■ Supplied records ■
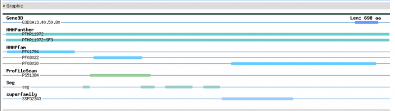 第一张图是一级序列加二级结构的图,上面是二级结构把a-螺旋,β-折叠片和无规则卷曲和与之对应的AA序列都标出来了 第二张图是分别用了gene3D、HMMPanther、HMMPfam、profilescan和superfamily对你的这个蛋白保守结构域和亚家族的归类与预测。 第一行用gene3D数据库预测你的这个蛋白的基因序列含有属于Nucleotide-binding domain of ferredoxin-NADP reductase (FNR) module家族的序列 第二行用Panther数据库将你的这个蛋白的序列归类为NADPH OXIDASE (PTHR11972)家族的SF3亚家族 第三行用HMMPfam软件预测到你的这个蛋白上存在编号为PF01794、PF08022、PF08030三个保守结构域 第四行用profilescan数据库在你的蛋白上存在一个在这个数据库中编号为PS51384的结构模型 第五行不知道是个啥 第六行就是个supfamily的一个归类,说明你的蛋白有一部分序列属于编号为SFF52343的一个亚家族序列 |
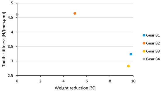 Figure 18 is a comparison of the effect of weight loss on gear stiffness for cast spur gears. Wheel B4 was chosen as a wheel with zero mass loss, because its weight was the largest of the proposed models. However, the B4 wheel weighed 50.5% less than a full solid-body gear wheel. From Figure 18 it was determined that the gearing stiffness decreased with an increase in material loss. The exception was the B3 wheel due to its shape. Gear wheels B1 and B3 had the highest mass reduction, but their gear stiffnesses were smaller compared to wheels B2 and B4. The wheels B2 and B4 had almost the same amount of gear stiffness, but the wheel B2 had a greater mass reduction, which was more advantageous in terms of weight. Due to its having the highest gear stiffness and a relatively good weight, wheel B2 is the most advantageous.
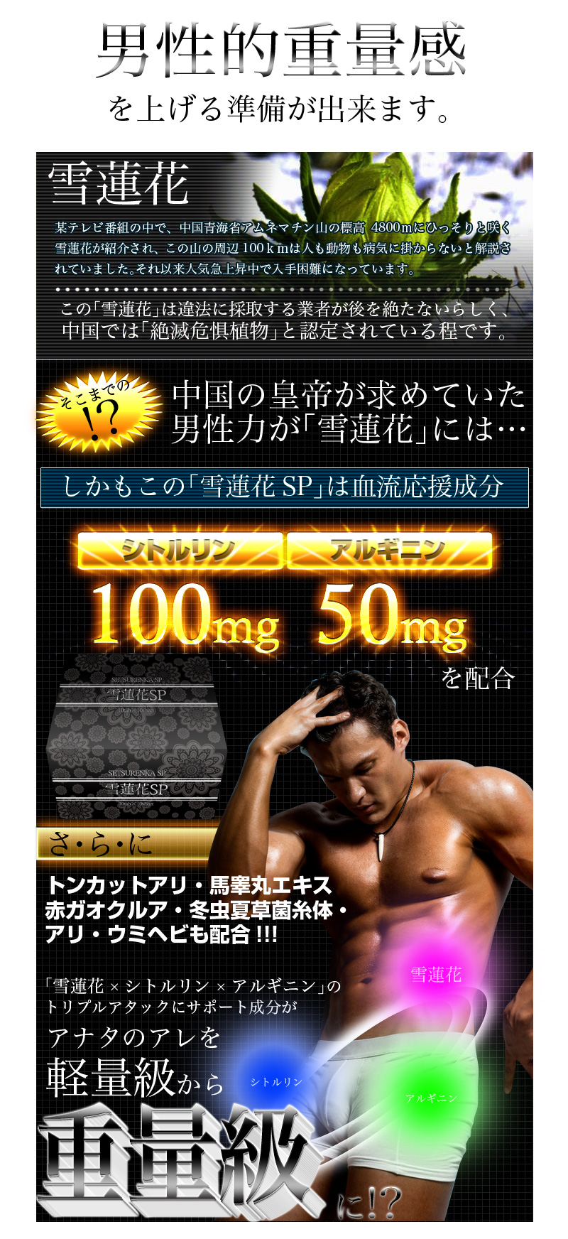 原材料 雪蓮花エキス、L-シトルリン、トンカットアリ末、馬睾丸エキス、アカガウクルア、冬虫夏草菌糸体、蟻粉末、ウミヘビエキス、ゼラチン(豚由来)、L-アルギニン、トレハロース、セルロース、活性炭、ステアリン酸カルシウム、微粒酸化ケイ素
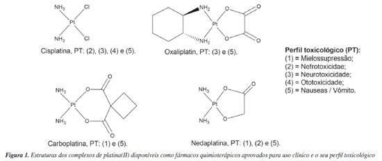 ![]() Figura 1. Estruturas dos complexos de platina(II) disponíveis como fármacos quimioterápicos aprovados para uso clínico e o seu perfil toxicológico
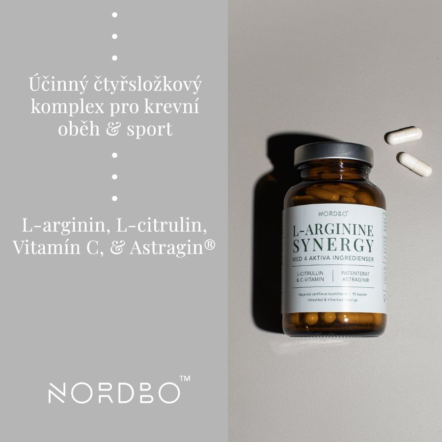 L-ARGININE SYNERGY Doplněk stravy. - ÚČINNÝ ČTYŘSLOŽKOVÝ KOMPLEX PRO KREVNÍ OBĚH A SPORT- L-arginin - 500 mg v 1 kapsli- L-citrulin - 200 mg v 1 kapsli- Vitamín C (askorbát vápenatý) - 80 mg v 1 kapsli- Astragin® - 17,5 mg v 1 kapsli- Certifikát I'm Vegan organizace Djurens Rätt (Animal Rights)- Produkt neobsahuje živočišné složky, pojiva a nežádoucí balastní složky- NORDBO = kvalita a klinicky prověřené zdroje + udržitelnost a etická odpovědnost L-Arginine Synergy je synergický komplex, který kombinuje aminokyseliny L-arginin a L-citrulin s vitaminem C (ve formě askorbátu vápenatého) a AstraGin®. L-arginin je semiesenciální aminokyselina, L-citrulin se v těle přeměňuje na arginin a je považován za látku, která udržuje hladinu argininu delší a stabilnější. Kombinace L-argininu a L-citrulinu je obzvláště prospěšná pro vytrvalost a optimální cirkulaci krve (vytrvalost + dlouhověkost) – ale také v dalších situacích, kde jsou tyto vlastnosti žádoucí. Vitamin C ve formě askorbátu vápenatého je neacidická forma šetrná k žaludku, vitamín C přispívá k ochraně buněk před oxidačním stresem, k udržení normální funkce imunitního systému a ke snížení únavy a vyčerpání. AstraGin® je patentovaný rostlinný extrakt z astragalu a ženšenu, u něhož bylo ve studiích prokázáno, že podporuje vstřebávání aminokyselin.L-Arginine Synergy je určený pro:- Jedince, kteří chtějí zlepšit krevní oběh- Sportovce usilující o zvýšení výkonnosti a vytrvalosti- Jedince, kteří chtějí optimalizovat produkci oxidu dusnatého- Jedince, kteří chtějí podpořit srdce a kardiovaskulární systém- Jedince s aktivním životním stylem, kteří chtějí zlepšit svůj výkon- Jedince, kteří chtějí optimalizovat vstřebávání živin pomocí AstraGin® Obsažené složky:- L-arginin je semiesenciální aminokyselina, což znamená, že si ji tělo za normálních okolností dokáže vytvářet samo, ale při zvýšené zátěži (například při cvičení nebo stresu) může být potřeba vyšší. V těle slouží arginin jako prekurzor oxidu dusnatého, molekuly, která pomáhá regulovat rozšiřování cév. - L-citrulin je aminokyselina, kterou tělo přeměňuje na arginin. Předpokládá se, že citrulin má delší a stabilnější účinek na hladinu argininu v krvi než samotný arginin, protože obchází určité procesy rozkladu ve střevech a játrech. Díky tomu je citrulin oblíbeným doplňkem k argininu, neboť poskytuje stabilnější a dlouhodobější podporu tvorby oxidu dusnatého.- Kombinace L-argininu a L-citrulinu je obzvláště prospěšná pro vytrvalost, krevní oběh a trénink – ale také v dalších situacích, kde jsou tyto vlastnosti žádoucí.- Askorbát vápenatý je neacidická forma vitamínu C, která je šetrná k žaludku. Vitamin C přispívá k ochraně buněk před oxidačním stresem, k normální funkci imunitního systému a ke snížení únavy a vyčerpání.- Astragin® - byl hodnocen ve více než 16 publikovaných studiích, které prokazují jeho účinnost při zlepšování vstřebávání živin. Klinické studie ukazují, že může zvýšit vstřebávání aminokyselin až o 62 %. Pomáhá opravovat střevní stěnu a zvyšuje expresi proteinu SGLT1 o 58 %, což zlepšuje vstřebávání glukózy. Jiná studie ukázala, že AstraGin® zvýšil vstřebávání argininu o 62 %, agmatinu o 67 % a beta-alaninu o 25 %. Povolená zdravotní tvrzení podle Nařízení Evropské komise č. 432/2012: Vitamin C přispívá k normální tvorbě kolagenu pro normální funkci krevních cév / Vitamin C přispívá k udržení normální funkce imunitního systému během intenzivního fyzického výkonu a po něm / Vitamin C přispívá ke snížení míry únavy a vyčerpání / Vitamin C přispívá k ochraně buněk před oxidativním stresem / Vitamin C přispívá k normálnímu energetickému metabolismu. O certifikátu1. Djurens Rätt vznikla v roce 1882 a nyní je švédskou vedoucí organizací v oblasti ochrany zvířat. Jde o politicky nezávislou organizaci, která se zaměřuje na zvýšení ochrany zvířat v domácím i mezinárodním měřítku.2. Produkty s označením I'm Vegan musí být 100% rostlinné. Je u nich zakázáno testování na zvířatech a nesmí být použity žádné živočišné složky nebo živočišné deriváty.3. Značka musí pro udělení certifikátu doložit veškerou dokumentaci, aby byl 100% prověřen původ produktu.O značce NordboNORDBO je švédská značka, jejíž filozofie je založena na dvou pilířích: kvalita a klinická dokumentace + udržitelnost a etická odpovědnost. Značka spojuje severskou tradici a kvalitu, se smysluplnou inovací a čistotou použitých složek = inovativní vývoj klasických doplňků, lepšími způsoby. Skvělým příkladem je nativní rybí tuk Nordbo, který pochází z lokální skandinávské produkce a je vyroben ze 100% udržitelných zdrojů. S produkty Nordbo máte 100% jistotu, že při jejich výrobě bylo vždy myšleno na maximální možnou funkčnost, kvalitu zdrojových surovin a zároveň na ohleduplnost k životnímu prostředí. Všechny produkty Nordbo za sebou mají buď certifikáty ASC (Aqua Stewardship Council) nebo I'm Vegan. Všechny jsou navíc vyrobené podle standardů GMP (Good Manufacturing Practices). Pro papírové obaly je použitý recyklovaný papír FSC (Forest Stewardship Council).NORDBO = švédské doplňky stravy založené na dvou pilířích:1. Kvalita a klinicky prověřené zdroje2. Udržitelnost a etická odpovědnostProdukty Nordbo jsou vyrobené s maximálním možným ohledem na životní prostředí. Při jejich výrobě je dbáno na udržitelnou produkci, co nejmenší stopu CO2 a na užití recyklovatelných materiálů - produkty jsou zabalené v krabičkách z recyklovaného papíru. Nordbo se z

* * *

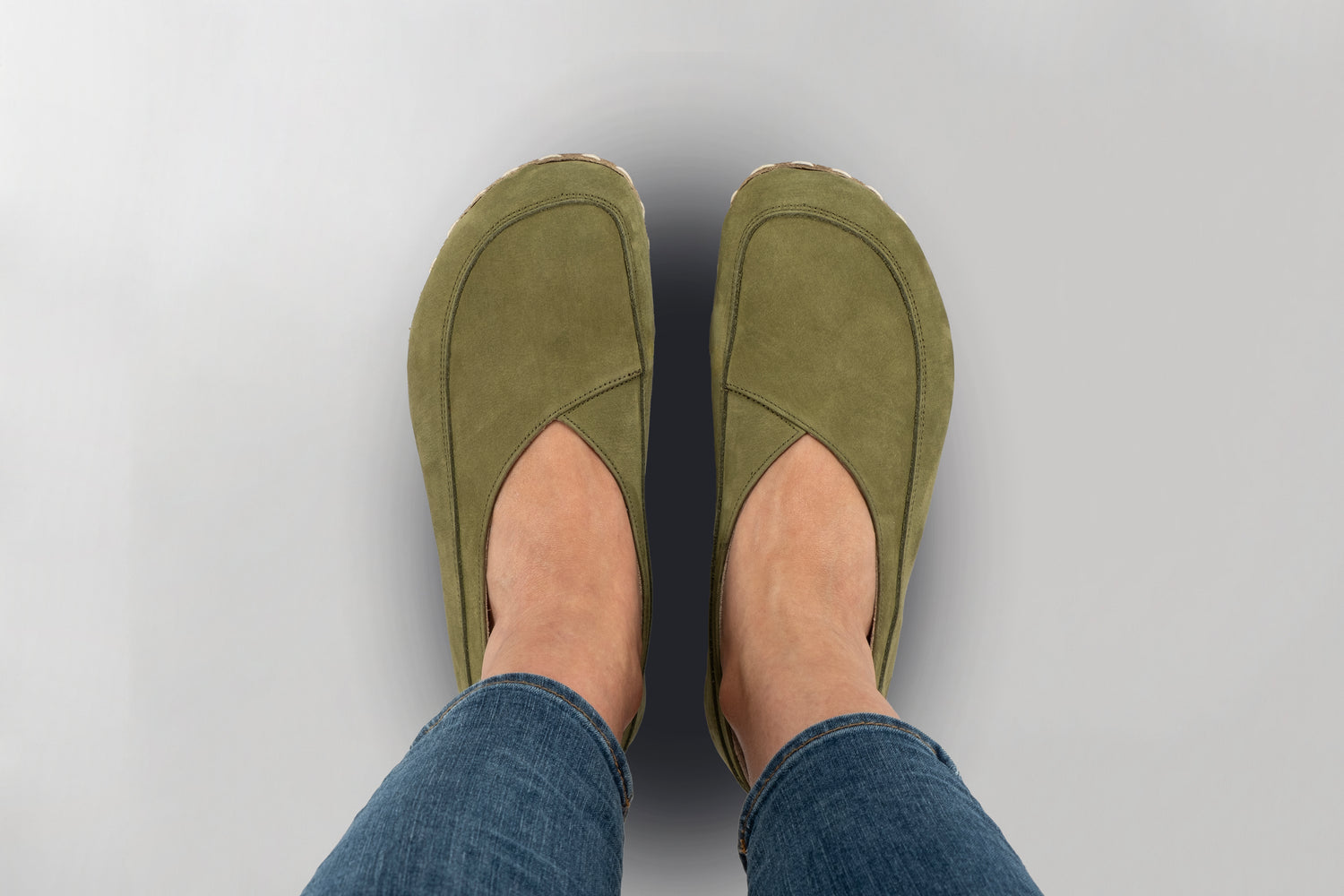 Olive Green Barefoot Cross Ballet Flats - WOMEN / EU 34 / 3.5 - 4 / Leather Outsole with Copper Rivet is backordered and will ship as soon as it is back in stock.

■ Exercise goal ■
Once the line with "原材料 雪蓮花エキス、L-シ" is found in the data above, reproduce it and each line after it exactly, through the line with "seu perfil toxicológico". Omit the pictures.

■ Response area ■
 原材料 雪蓮花エキス、L-シトルリン、トンカットアリ末、馬睾丸エキス、アカガウクルア、冬虫夏草菌糸体、蟻粉末、ウミヘビエキス、ゼラチン(豚由来)、L-アルギニン、トレハロース、セルロース、活性炭、ステアリン酸カルシウム、微粒酸化ケイ素
 ![]() Figura 1. Estruturas dos complexos de platina(II) disponíveis como fármacos quimioterápicos aprovados para uso clínico e o seu perfil toxicológico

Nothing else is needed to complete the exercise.